▸ DIRECTIONS FOR THIS TASK: From the entries below, print exactly the span beginning with the line holding "当日,巴黎残奥会射箭男子个人" and ending with the line holding "وكتب مسهور، في", endpoints included, and skip any pictures.

═════ EXTRACTED DATA

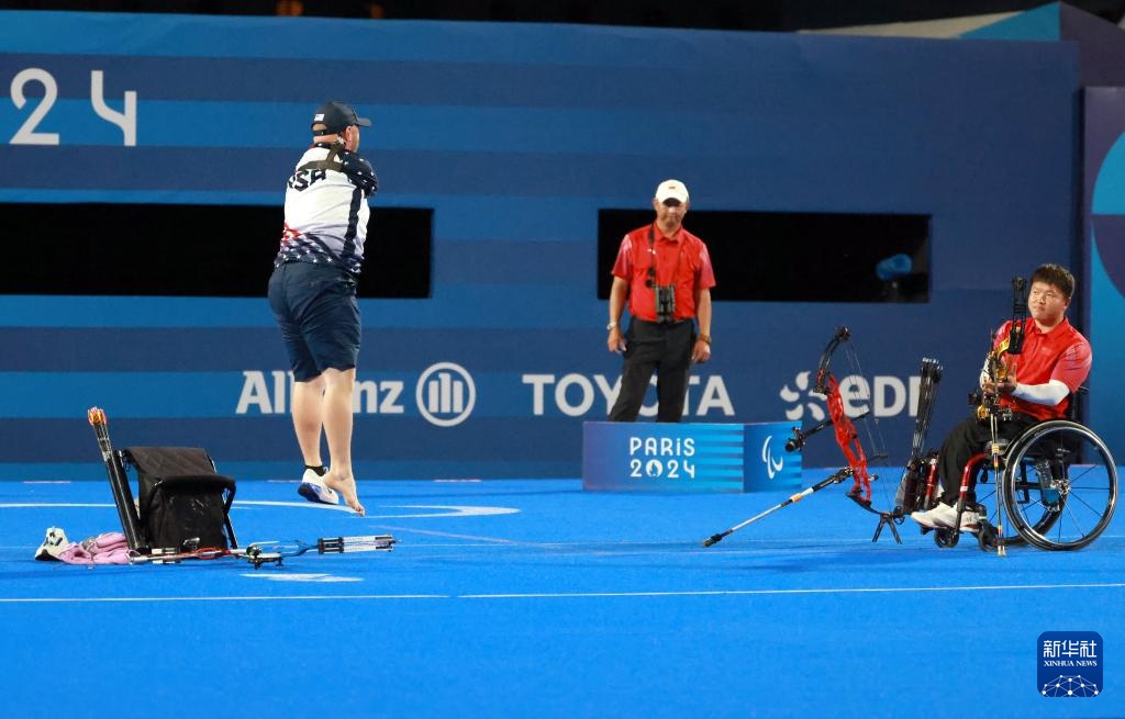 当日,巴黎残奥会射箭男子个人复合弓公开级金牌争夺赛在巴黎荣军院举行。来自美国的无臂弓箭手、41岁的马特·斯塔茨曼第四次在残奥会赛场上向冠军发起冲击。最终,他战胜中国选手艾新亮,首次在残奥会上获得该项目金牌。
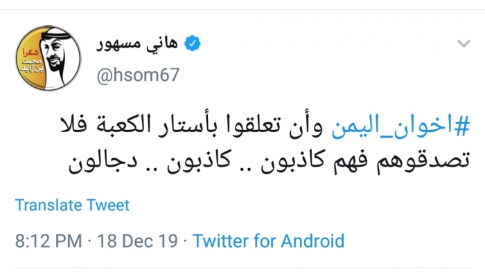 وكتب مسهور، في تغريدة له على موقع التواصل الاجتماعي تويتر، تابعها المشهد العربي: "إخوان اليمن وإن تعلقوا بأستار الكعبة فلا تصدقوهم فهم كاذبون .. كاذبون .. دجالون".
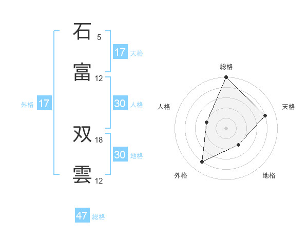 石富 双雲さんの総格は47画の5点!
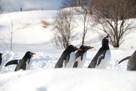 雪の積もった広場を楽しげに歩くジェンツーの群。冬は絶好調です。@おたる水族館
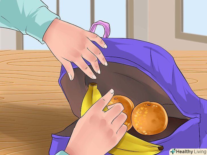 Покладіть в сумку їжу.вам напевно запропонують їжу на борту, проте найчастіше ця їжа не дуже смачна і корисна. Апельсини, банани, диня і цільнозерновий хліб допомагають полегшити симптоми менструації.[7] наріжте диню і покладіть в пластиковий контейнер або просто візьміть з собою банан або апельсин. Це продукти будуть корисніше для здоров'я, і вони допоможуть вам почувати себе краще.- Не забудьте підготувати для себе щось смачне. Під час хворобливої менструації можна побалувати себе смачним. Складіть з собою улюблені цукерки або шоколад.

══════════
═════ EXTRACTED DATA

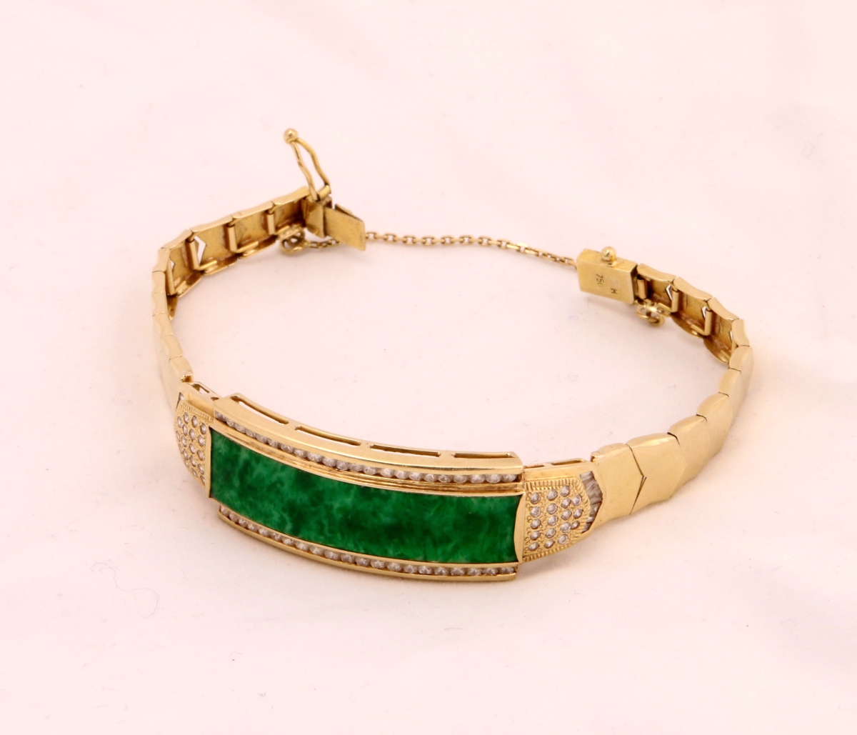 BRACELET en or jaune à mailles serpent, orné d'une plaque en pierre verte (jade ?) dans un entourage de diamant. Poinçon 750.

══════════

▸ ANSWER AREA:
 当日,巴黎残奥会射箭男子个人复合弓公开级金牌争夺赛在巴黎荣军院举行。来自美国的无臂弓箭手、41岁的马特·斯塔茨曼第四次在残奥会赛场上向冠军发起冲击。最终,他战胜中国选手艾新亮,首次在残奥会上获得该项目金牌。
 وكتب مسهور، في تغريدة له على موقع التواصل الاجتماعي تويتر، تابعها المشهد العربي: "إخوان اليمن وإن تعلقوا بأستار الكعبة فلا تصدقوهم فهم كاذبون .. كاذبون .. دجالون".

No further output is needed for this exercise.